Maximizing the robustness of downstream protein purification processing can have a major impact on the economics and resource utilization of industrial-scale biopharmaceuticals production. This was one of the take-home messages at the recent Barr Enterprises’ “Prep-2007” symposium held in Baltimore.
Natraj Ram, Ph.D., and Alan Hunter, Ph.D., senior principal scientists in the downstream bioprocess R&D group at Pfizer (www.pfizer.com), in collaboration with Tim Pabst and Giorgio Carta from the University of Virginia, demonstrated that simple buffer systems can be used to create pH gradients on weak anion exchange resins for the scalable separation of protein isoforms.
Preparative-scale, high-resolution separation of protein isoforms can be used to generate material for characterization of impurities and to improve the homogeneity of a protein product. pH-based separation on ion-exchange resins takes advantage of the charge differences between protein isoforms, exploits positional or surface charges, and enables isolation of isoforms in their native state, according to Dr. Ram.
The researchers created an internal pH gradient by using appropriate buffer components and counter-ions that interact with the weak ion-exchange functional groups of the resin. The development of an internal pH gradient is based on more complicated theory and algorithms and a deeper understanding of ion equilibria than typical external salt gradients, but, according to Dr. Ram, “implementation could not be simpler,” and does not require complex proprietary buffer mixtures or equipment.
The Pfizer and University of Virginia group employed a convex hull algorithm to calculate the effective isotherm to enable calculation of pH transitions with complex buffer systems. Automation of optimization algorithms allowed the group to explore a large parameter space and derive the optimal operating point.
The strategy for developing and optimizing pH elutions was based on understanding the chemistry of the functional groups on the resins through titrations, as well as the isoelectric point, binding, and elution properties of the protein.
The group chose a target pH gradient range and selected three buffers to obtain that range on several anion exchangers. They simulated the pH gradients for a range of pHs using different proportions of each buffering species, maintaining the total buffer concentration, and rated the gradients based on desired characteristics.

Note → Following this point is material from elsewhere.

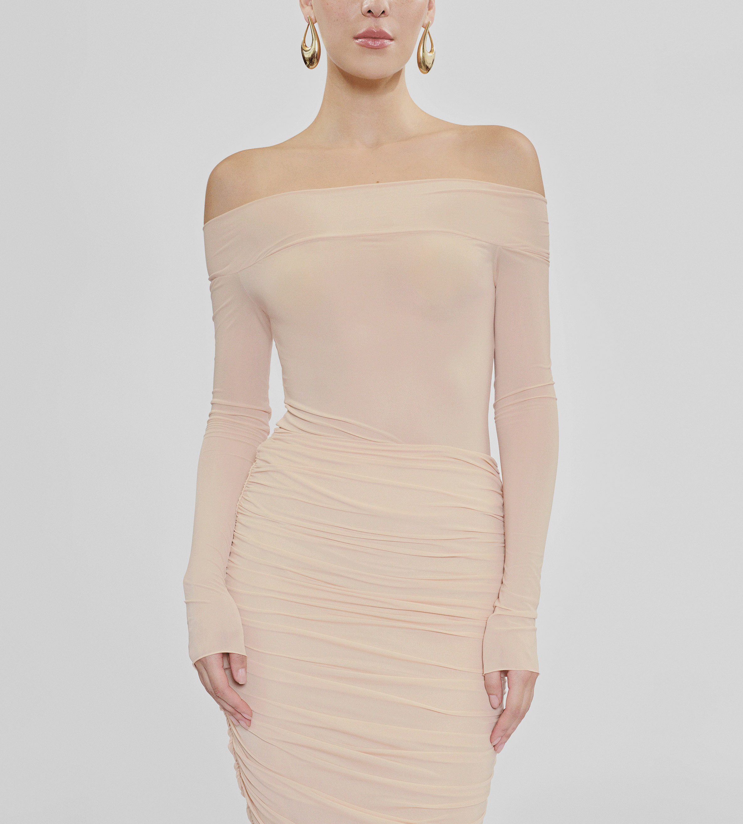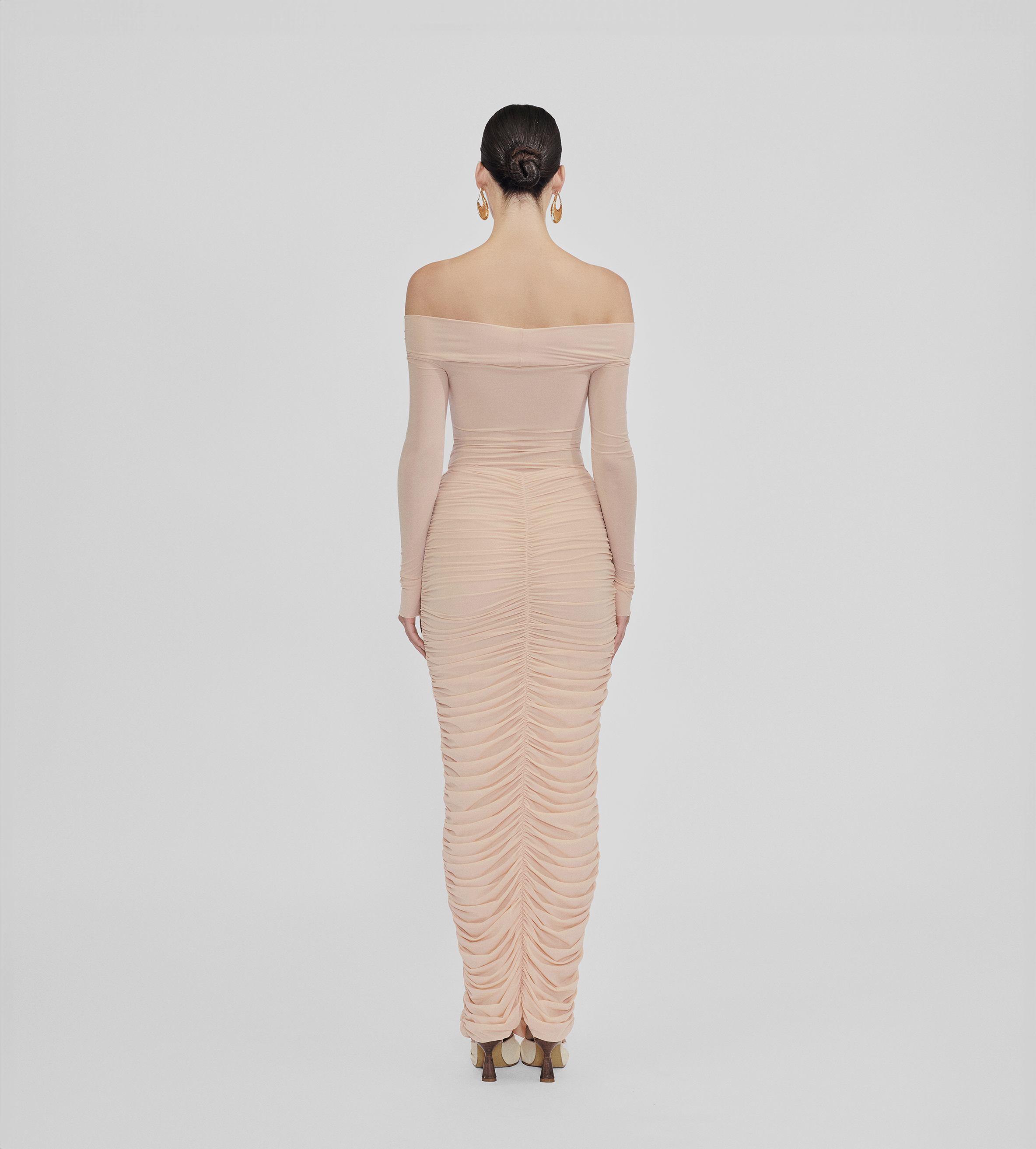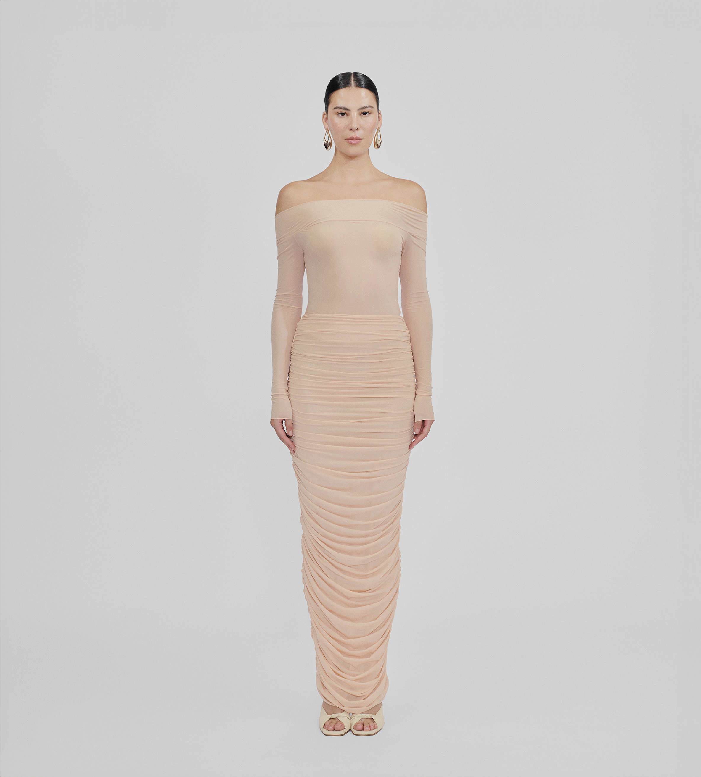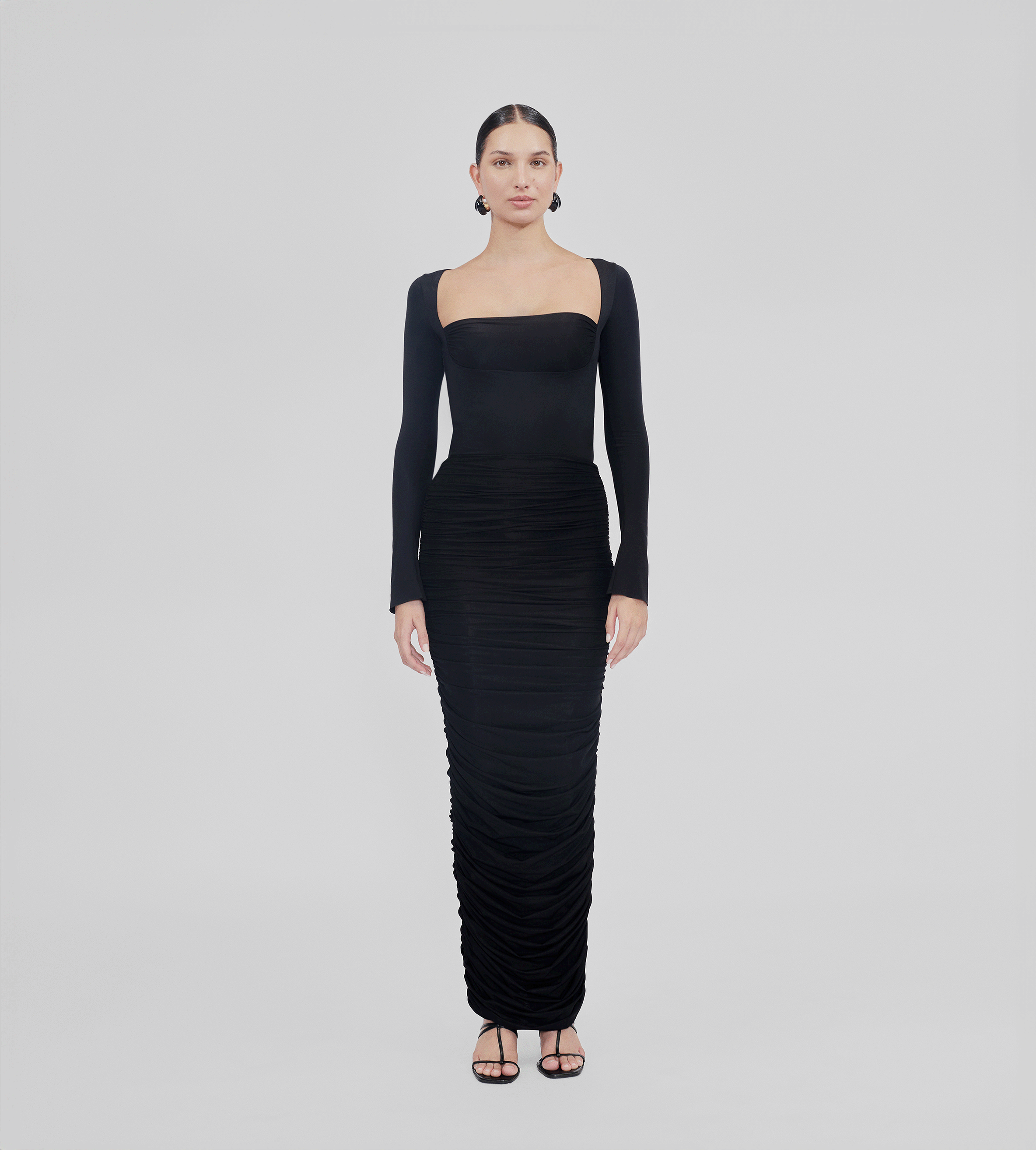 High-waisted long skirt with ruched details at the front and back, crafted from our new see through lycra. This versatile design enhances any outfit, bringing an effortless blend of sophistication and charm.

They were able to conclude from the simulations that single component buffer systems were adequate to produce highly resolving (shallow or gradually changing) pH gradients and confirmed this through experimentation.
The model protein used in these experiments was apo-transferrin, which is sialated and has several glycoforms with charge differences. The target separation pH range was from 7 to 5. The separations were performed on DEAE resins. The researchers concluded that concave (versus linear) pH gradients were optimal for high-resolution separations and offered the best combination of strong binding conditions and the most shallow elution conditions. These gradients are easy to achieve with internal gradients, as they are chemistry-based rather than mechanically produced.

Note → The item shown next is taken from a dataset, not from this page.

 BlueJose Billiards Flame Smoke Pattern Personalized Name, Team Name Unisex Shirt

Ion-exchange chromatography using internal pH gradients is a “scalable protein characterization tool that allows for purification of protein in quantities needed for analysis, characterization, and determination of biological activity,” said Dr. Hunter.
“We have demonstrated scale-up of the process to a 100-mL column, with 5 g/L loading capacity, which would be sufficient for enriching desired product variants,” added Dr. Ram.